* Data to use *
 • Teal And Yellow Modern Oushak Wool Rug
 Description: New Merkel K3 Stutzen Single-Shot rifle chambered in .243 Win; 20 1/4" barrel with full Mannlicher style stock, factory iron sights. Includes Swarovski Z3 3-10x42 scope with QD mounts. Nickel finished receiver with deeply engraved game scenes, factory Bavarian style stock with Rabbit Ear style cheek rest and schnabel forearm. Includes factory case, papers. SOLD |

--

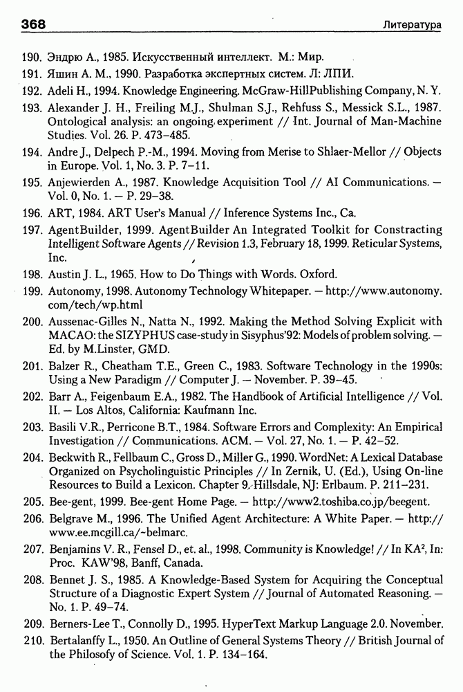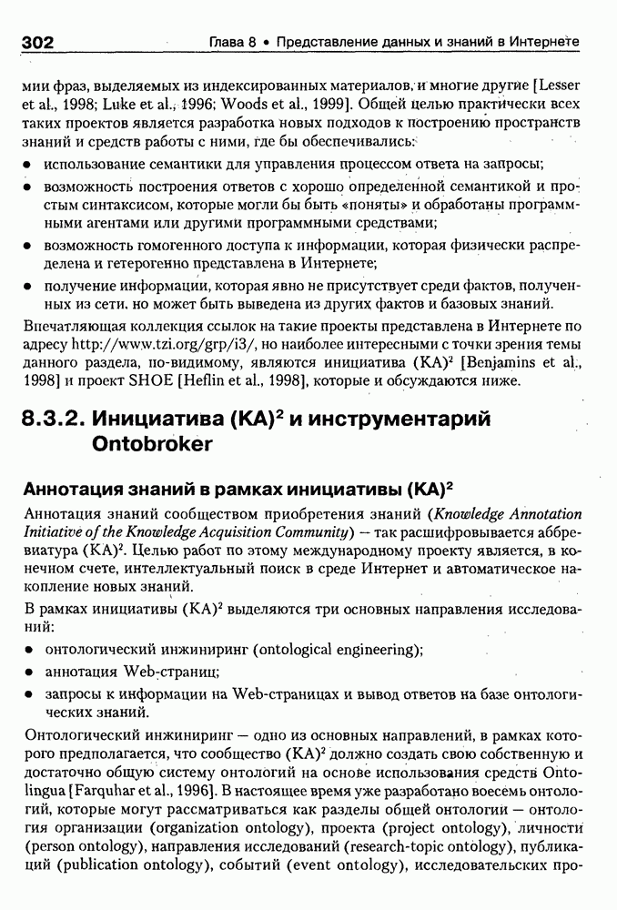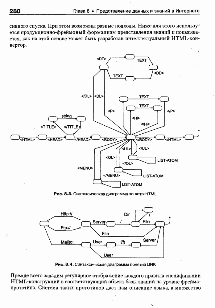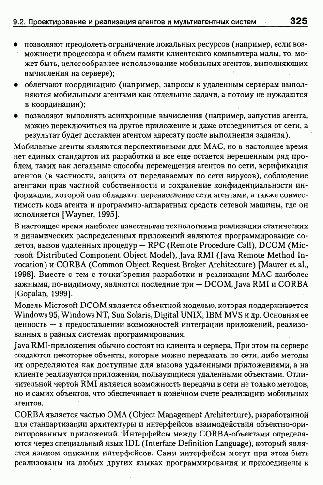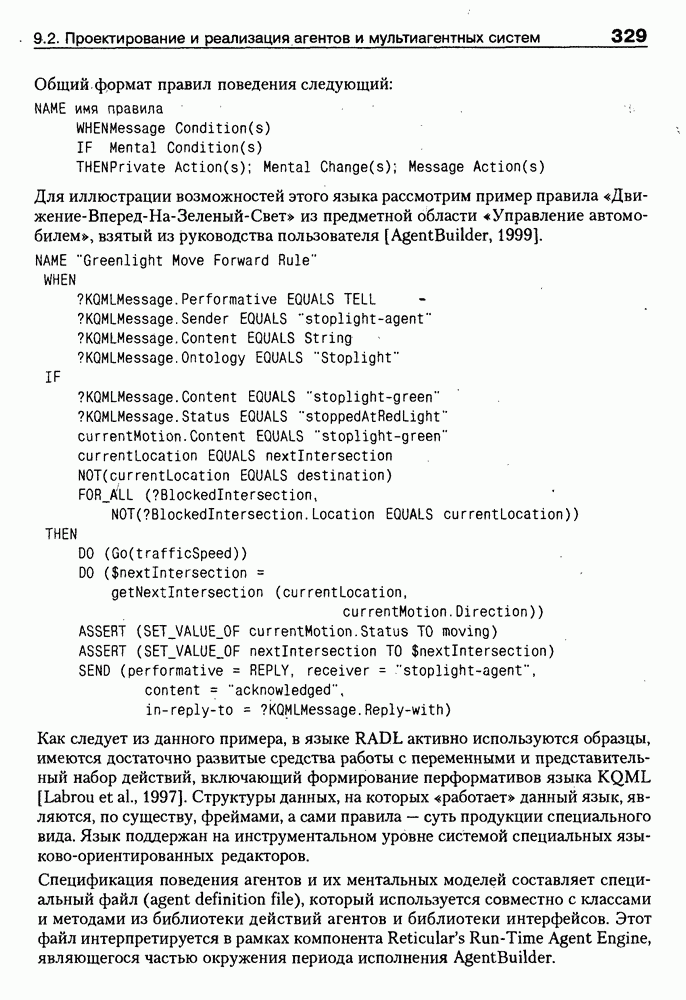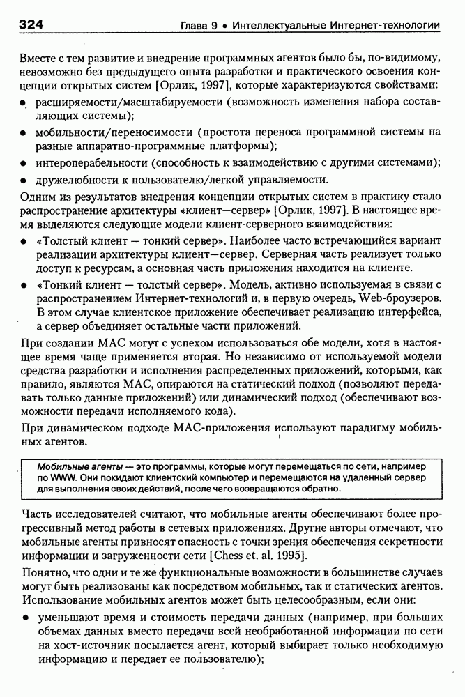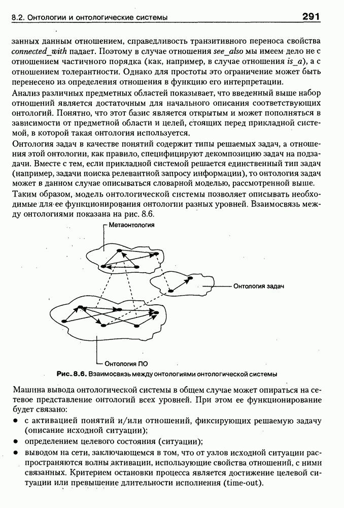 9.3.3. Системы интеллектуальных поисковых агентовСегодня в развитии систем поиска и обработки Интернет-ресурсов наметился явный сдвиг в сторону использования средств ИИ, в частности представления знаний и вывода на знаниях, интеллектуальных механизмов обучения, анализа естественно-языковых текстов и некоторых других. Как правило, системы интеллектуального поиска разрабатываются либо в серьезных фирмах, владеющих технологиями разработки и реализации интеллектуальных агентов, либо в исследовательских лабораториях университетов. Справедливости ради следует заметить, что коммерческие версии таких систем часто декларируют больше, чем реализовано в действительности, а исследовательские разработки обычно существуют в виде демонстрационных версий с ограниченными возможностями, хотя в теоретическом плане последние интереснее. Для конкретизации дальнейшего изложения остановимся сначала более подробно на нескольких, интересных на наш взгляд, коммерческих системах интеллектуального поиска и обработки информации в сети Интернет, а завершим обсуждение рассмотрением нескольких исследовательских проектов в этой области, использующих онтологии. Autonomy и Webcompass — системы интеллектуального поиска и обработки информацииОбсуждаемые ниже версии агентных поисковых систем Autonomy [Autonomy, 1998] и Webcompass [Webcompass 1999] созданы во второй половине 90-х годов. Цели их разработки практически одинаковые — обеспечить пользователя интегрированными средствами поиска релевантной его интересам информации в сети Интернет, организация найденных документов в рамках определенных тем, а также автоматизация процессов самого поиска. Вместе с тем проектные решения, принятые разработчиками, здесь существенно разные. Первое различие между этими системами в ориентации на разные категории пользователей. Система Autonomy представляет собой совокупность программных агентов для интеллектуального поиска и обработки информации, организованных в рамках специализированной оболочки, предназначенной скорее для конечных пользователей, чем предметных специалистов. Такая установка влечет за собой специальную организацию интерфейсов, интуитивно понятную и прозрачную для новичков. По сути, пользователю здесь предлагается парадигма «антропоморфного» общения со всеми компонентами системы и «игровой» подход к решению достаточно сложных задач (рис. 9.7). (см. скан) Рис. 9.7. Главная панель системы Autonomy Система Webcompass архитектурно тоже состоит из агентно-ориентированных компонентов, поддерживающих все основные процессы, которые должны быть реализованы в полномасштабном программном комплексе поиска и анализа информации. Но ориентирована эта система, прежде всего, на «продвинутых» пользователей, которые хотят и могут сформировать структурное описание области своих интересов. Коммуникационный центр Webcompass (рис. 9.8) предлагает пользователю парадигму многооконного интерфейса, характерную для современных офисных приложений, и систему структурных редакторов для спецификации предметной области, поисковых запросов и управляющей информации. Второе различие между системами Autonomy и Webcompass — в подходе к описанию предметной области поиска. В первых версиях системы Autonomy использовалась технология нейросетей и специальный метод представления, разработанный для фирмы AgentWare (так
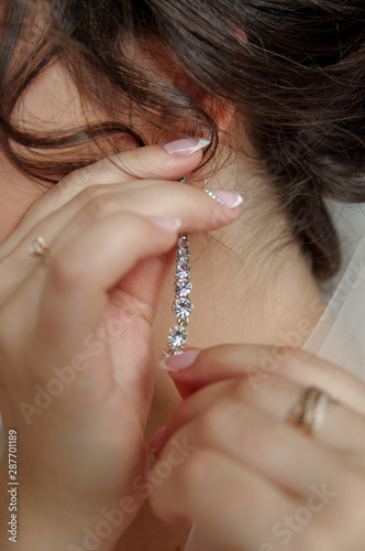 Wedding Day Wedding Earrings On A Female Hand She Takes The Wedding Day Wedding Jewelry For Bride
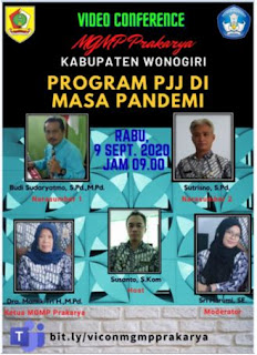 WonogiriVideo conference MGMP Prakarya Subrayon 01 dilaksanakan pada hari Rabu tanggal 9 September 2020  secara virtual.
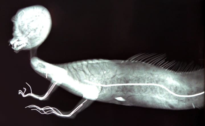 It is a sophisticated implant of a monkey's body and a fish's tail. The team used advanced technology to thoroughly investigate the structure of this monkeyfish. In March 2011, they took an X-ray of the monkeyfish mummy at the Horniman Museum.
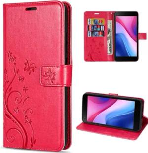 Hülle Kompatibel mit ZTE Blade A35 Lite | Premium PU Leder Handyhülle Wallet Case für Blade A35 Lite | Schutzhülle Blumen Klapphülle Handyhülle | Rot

--

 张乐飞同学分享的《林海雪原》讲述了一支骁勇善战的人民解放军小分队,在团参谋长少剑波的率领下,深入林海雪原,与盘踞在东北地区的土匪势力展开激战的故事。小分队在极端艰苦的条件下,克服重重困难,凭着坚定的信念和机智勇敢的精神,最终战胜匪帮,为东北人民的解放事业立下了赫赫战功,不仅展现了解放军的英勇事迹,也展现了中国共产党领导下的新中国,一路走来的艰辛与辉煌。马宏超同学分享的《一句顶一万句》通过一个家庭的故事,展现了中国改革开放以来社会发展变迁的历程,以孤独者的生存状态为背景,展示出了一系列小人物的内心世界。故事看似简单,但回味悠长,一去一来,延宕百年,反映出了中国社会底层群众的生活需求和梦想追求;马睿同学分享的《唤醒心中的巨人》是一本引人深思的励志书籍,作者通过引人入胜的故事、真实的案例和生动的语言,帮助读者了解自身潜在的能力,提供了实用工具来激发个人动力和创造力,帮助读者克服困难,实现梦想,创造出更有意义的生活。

* Exercise aim *
Retype only the lines above between the line with "Oushak Wool Rug" and the line with "Description: New Merkel", counting those two lines as well, and keep every character as it is.

* Task output *
 • Teal And Yellow Modern Oushak Wool Rug
 Description: New Merkel K3 Stutzen Single-Shot rifle chambered in .243 Win; 20 1/4" barrel with full Mannlicher style stock, factory iron sights. Includes Swarovski Z3 3-10x42 scope with QD mounts. Nickel finished receiver with deeply engraved game scenes, factory Bavarian style stock with Rabbit Ear style cheek rest and schnabel forearm. Includes factory case, papers. SOLD |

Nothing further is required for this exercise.